Local businesses in the revitalized North of Panhandle neighborhood are fuming about a Muni proposal to strip parking spaces on a stretch of Divisadero Street to create a transit-only lane during the evening commute.
Traffic congestion on the corridor slows the 24-Divisadero to a snaillike 2.8 mph, according to Judson True, spokesman for the San Francisco Municipal Transportation Agency.
To increase its on-time performance, Muni is proposing a pilot project that would create a traffic lane used solely by the 24-Divisadero,which carries more than 10,000 passengers per day. As a result, street parking between Fulton and Oak streets would be banned from 4 p.m. to 7 p.m.

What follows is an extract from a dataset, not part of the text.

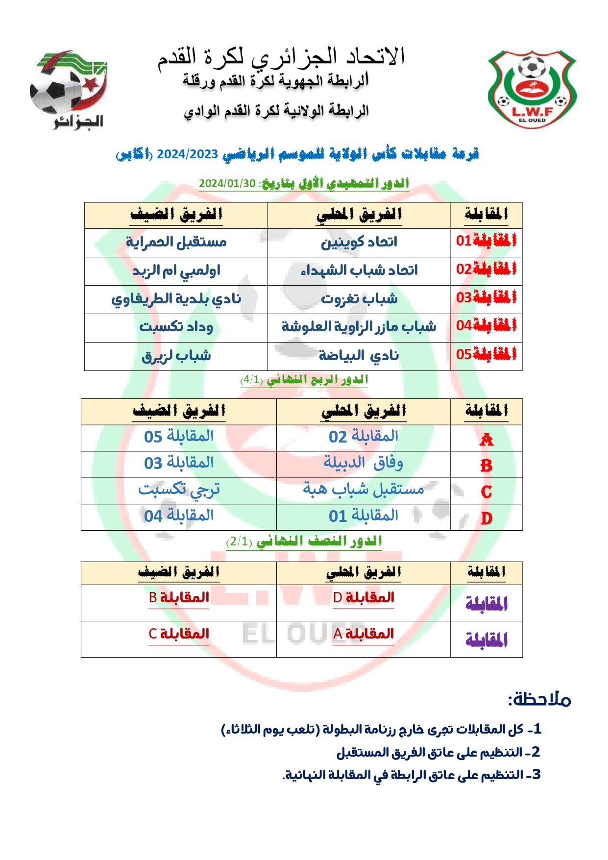 على هامش اجتماع مكتب الرابطة الولائية لكرة القدم المنعقد يوم الثلاثاء الموافق لـــ 2024/01/09 اقيمت هذا المساء بمقر الرابطة قرعة كأس الولاية صنف الاكابر واسفرت على المواجهات التالية :

Jason Alexander, manager of Your Scents, a retail store at 645 Divisadero St., said the proposed changes would drastically hurt his evening sales.

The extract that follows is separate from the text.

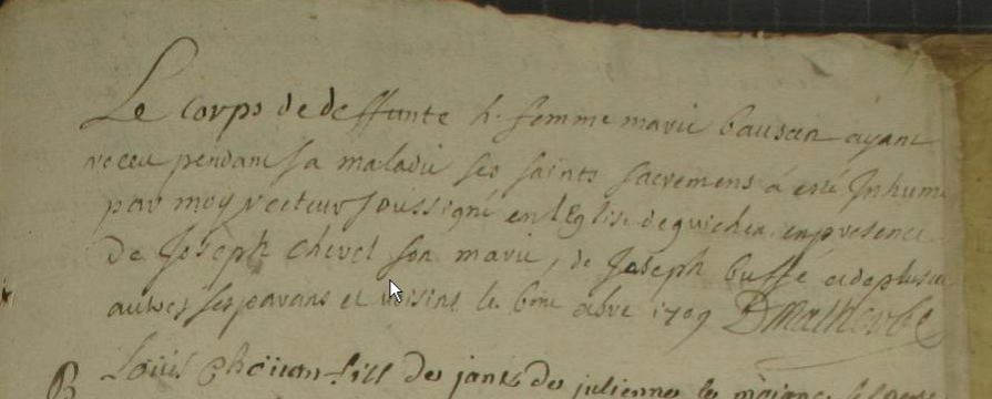 Baptême : avant 1690 Inhumation : 6 décembre 1709 à Guichen 35580 Eglise

“If they take away those parking spaces, I might as well close the doors at 4 p.m.,” Alexander said.
There already is a ban on street parking from 4 p.m. to 6 p.m. on Divisadero Street between Grove and Hayes streets. The owner of Jay’s Cheesesteak, which is located on that stretch of Divisadero Street, said customers flock to the available parking spaces the minute the clock strikes 6 p.m.
“Parking is already impossible around here,” said Sal, who declined to give his last name. “Why add another hour to that trouble?”
Officials from the SFMTA met with community members this week to discuss the proposal. The agency originally planned on starting the project this summer, but has decided to delay the pilot project for at least two months, according to True.
As a result of public feedback, the pilot project will be split into two six-month segments. The first segment will run the transit-only lane from Hayes Street to Oak Street. The second six-month phase will extend the changes from Oak Street to Fulton Street.
A public hearing on the issue will be held at 10 a.m. today at City Hall. The project must be approved by the SFMTA board of directors before it can be implemented. If approved, the pilot will be evaluated after one year to determine if the changes become permanent.
True said the pilot project is part of the agency’s Transit Effectiveness Project, an 18-month study aimed at improving the department’s on-time performance and overall efficiency.